MEETING THE CHALLENGE
The team at UF Health developed GatorTron, the world’s largest transformer-based NLP model – with around 9 billion parameters – in the medical domain and trained it using more than 197 million notes with more than three billion sentences and more than 82 billion words of clinical text from UF Health.
“GatorTron adopted the architecture of Megatron-LM – the software provided by Nvidia,” Wu said. “We trained GatorTron using HiPerGator AI NVIDIA DGX A100 SuperPod cluster, recently deployed at the University of Florida, featuring 140 Nvidia DGX A100 nodes with 1120 Nvidia Ampere A100 GPUs. With the HiPerGator AI cluster, the computing resource is no longer a bottleneck.
“We trained GatorTron using 70 HiPerGator nodes with 560 GPUs, with both data and model parallel training strategy,” he added. “Without Nvidia’s Megatron-LM, we would not be able to train such a large transformer model in the clinical domain. We also leveraged Nvidia’s NeMo-toolkit, which provides the flexibility to fine-tune GatorTron for various NLP downstream tasks using easy-to-use application programming interfaces.”
GatorTron currently is being evaluated for downstream tasks such as named-entity recognition, relation extraction, semantic similarity of text, and question and answering with electronic health record data in a research setting. The team is working to apply GatorTron to real-world healthcare applications such as patient cohort identification, text de-identification and information extraction.

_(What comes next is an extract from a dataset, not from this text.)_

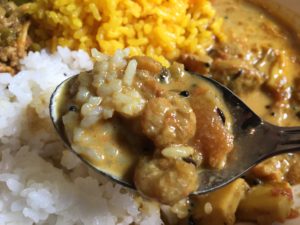 キーマカレーはピリッとスパイスが効いて大人好みの味でしたが、シーフードはココナッツオイルが効いてまろやかな甘みのある味で実に好対照な組み合わせとなっていました。
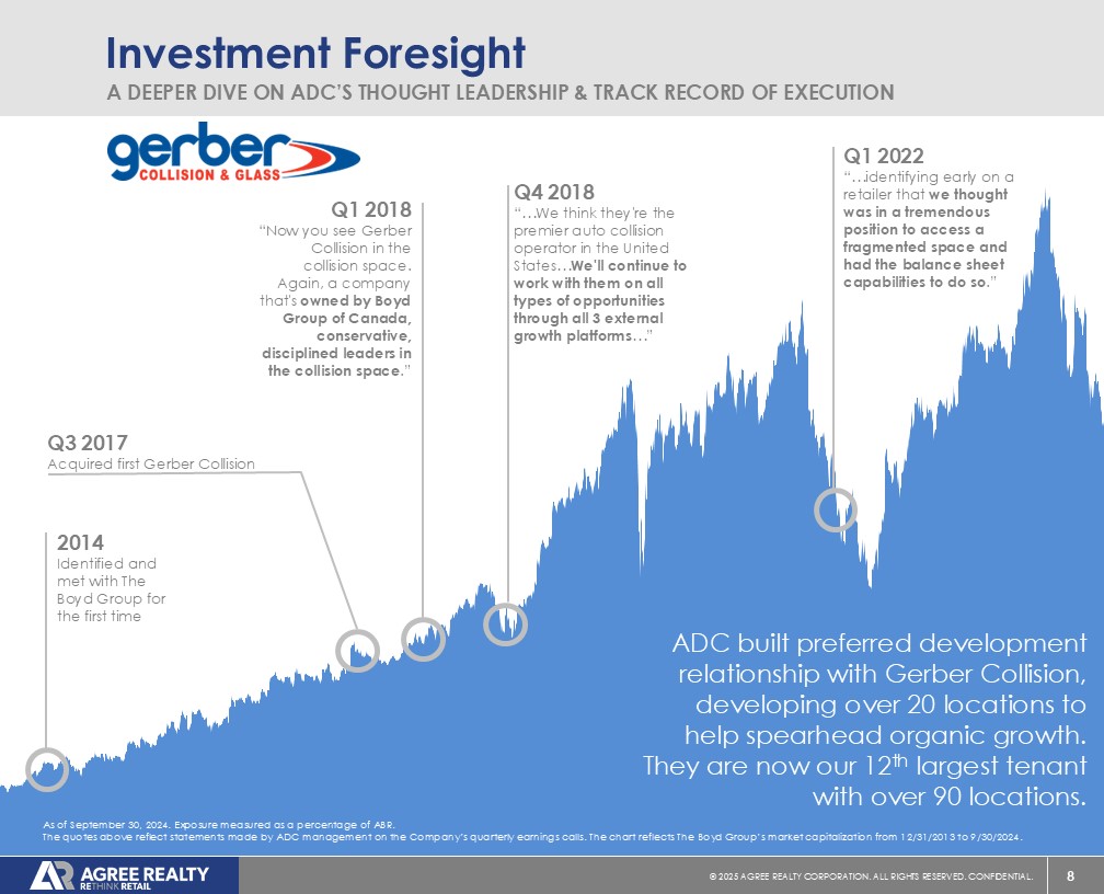 8©2025同意房地产公司。保留所有权利。机密。Investment Foresight A Deeper DIVE on ADC’s Thought Leadership & Track Record of Execution Q3 2017 acquired first Gerber Collision Q4 2018“……我们认为他们是美国首屈一指的汽车碰撞运营商……我们将继续通过所有3个外部增长平台与他们就所有类型的机会开展合作……”2022年第一季度“……在一家零售商的早期发现,我们认为它处于进入一个分散空间的巨大位置,并且拥有这样做的资产负债表能力。”ADC与Gerber Collision建立了优选开发关系,开发了20多个地点,以帮助引领有机增长。他们现在是我们的第12大租户,拥有超过90个地点。截至2024年9月30日。以ABR百分比测量的暴露量。上述报价反映了ADC管理层在公司季度财报电话会议上所做的陈述。该图表反映了Boy D Group在12/31/2013至9/30/2024期间的市值。2018年第一季度“现在你可以在碰撞空间看到Gerber Collision。再次,一家由加拿大博伊德集团拥有的公司,在碰撞领域保守、纪律严明的领导者。”2014确定并与博伊德集团首次会晤

UF Health evaluated the GatorTron model on four important NLP tasks, including clinical concept extraction, clinical relation extraction, medical natural language inference, and medical question and answering.
“For clinical concept extraction, GatorTron model achieved state-of-the-art performances on all three benchmarks, including publicly available 2010 i2b2, 2012 i2b2 and 2018 n2c2 datasets,” Bian noted. “For relation extraction, GatorTron significantly outperformed other BERT models pre-trained in the clinical or biomedical domain such as clinicalBERT, BioBERT and BioMegatron.
“For medical natural language inference and question and answering, GatorTron achieved new state-of-the-art performances on both benchmark datasets – medNLI and emrQA,” he added.
ADVICE FOR OTHERS
There are increasing interests in applying NLP models to help extract patient information from clinical narratives, where state-of-the-art pretrained language models are key components.
“A well-trained large language model could improve many downstream NLP tasks through fine-tuning, such as medical chatbots, automated summarization, medical question and answering, and clinical decision support systems,” Wu advised. “When developing large transformer-based NLP models, it’s recommended to explore various model sizes – number of parameters – based on their local clinical data.
“When applying these large transformer-based NLP models, healthcare providers have to think about the real-world configurations,” he concluded. “For example, these large transformer-based NLP models are very powerful solutions for high-performance servers, but are not feasible to deploy on personal computers.”